Among the many disasters suffered by the people through the
dissolution of the monasteries was that the new aristocrats who took
over the monastic lands and buildings, in contrast to the monks,
became part of the land-owning class who oppressed the
poverty-stricken people. Trevellyan says of the new cloth-making,
weaving and shearing class who rapidly became wealthy and influential
(p.283): "The richer of them, buying land and intermarrying with
needy squires, founded new "county families." Not a few of
them shared in the Abbey lands, having ready cash with which to join
in the fierce land speculation which followed the dissolution... The
men of the new wealth were indispensable to Elizabeth."
The growth of the wool industry was thus intimately connected with
both the enclosures and the dissolution. Later, Queen Mary restored
the Roman Catholic religion without much difficulty, but found the
wresting of the monasteries from their new owners a much tougher and
entirely different task, in which she failed miserably.

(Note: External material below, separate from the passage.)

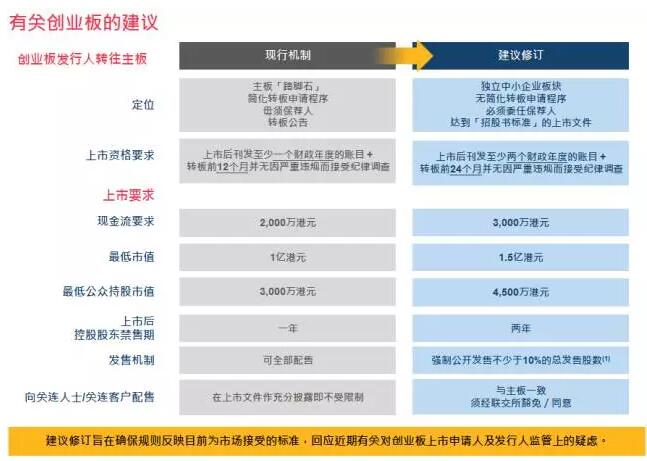 (c) 創業板申請人預期最低市值要求由1億港元增至1.5億港元,創業板公司的最低公眾持股市值要求也相應由3,000萬港元增至4,500萬港元;

To give us an idea of the tremendous effects of the dissolution on
the history of poverty in England one need take only one example: What
has happened to the Westminster lands, now held by the Duke of
Westminster? His fabulous holdings include the whole of Mayfair. He
has become one of the richest men in the world, and one of the world's
greatest land-owners.
(3) The enclosures were one of the three great acts of injustice
which I have described and which have substantially contributed to
modern poverty. Their effects are obvious and lasting. In all, between
1702 and 1876 alone, about 7,000,000 acres were enclosed. Earlier they
had caused great local distress and misery, but made little difference
to England as a whole at that time. But in the long run they have made
the most profound difference. Though they enabled the whole production
of England to be modernised and increased. They were an effective
cause of converting England into two nations, the few thousand
privileged land-owners and the millions of landless.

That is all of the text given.